Input data below:

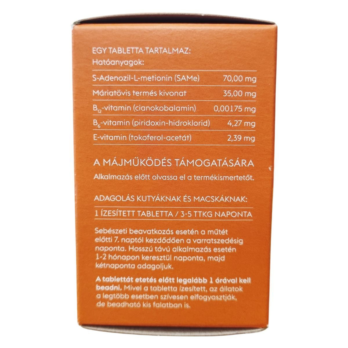 A Hepa-Pet+ ízesített tabletta állatgyógyászati készítmény különösen kutyák és macskák számára. A termék egy tablettájában több hatóanyag található, melyek májműködés támogatására szolgálnak. Ezek között szerepel az S-Adenozil-L-metionin (SAMe), a máriatövis termés kivonat, valamint B6-, B12- és E-vitaminok. A tablettákat általában a kistestű kutyáknak és macskáknak napi egy darabban ajánlják, nagyobb kutyáknak pedig több darabban, testsúlytól függően. Sebészeti beavatkozás esetén a műtét előtti 7. naptól a varratszedésig naponta adható, hosszú távú használatnál 1-2 hónapig naponta, majd kétnaponta adagolható. A tablettát etetés előtt legalább egy órával javasolt beadni, és ízesített volta miatt a legtöbb állat szívesen elfogyasztja. A termék kizárólag állatok részére készült, gyermekek elől elzárandó, és száraz, hűvös helyen célszerű tárolni.
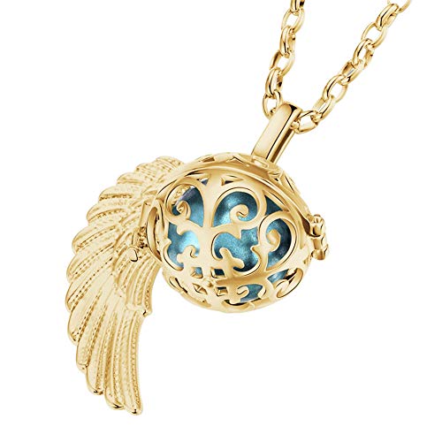 Morella Collana Catenina donna angelo custode in acciaio inox oro 70 cm con ciondolo ad ali di angelo e sfera zirconi 16 mm in sacchetto di velluto
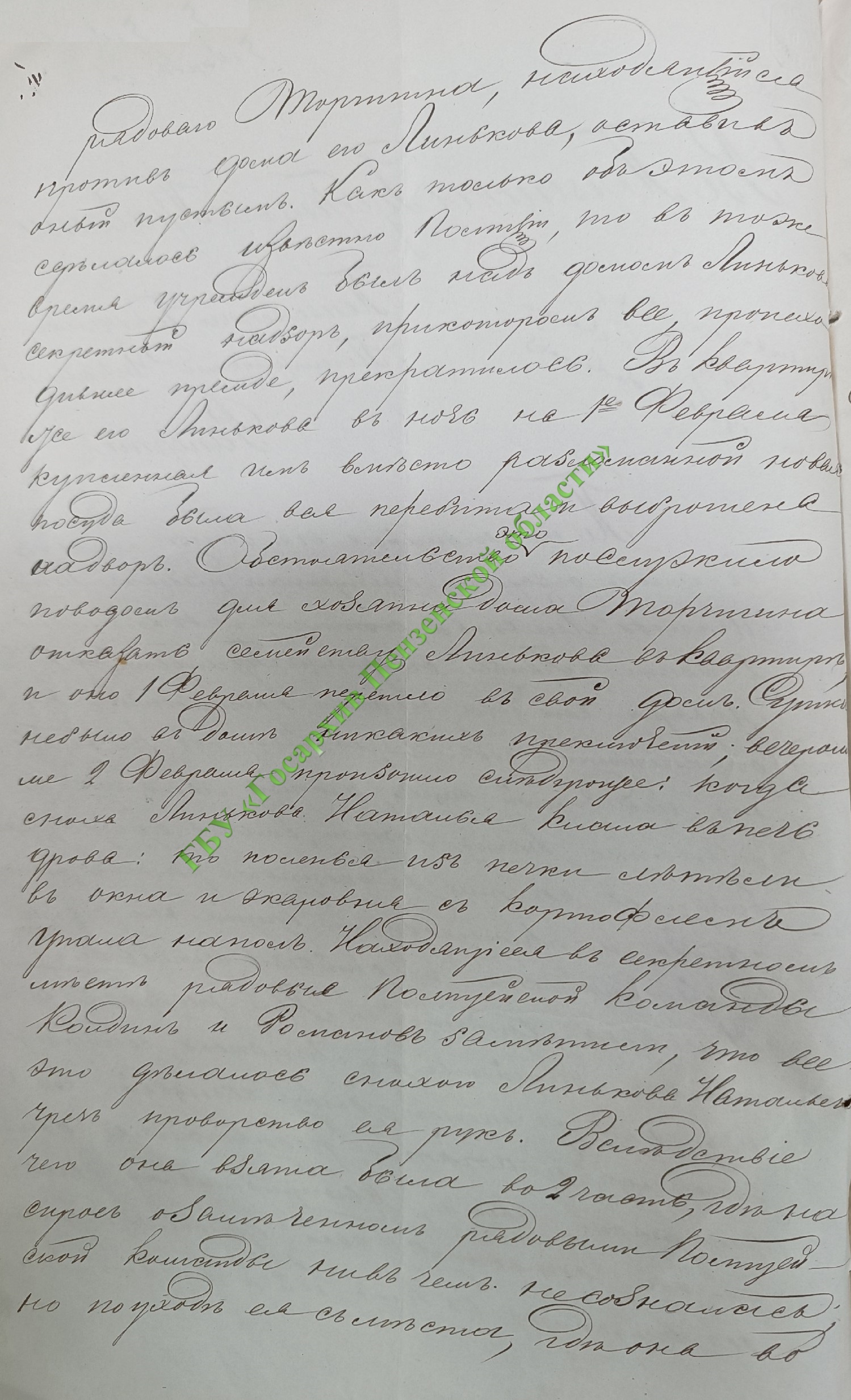 Слухи о пензенском «полтергейсте» достигли таких масштабов, что тайно пришлось вмешаться полиции. Сотрудники правоохранительных органов выставили секретный надзор. Он-то и пресёк все домыслы о призраках. Читаем в документе: «когда сноха Линькова Наталья клала в печь дрова, то поленья из печи летели в окна и жаровня с картофелем упала на пол. Находящиеся в секретном месте рядовые полицейской команды Колдин и Романов заметили, что всё это делалось снохою Линькова Натальей чрез проворство её рук».

End of Input data.

**Prompt**
Could you repeat the listing above exactly, omitting its pictures?

**Response area**
 A Hepa-Pet+ ízesített tabletta állatgyógyászati készítmény különösen kutyák és macskák számára. A termék egy tablettájában több hatóanyag található, melyek májműködés támogatására szolgálnak. Ezek között szerepel az S-Adenozil-L-metionin (SAMe), a máriatövis termés kivonat, valamint B6-, B12- és E-vitaminok. A tablettákat általában a kistestű kutyáknak és macskáknak napi egy darabban ajánlják, nagyobb kutyáknak pedig több darabban, testsúlytól függően. Sebészeti beavatkozás esetén a műtét előtti 7. naptól a varratszedésig naponta adható, hosszú távú használatnál 1-2 hónapig naponta, majd kétnaponta adagolható. A tablettát etetés előtt legalább egy órával javasolt beadni, és ízesített volta miatt a legtöbb állat szívesen elfogyasztja. A termék kizárólag állatok részére készült, gyermekek elől elzárandó, és száraz, hűvös helyen célszerű tárolni.
 Morella Collana Catenina donna angelo custode in acciaio inox oro 70 cm con ciondolo ad ali di angelo e sfera zirconi 16 mm in sacchetto di velluto
 Слухи о пензенском «полтергейсте» достигли таких масштабов, что тайно пришлось вмешаться полиции. Сотрудники правоохранительных органов выставили секретный надзор. Он-то и пресёк все домыслы о призраках. Читаем в документе: «когда сноха Линькова Наталья клала в печь дрова, то поленья из печи летели в окна и жаровня с картофелем упала на пол. Находящиеся в секретном месте рядовые полицейской команды Колдин и Романов заметили, что всё это делалось снохою Линькова Натальей чрез проворство её рук».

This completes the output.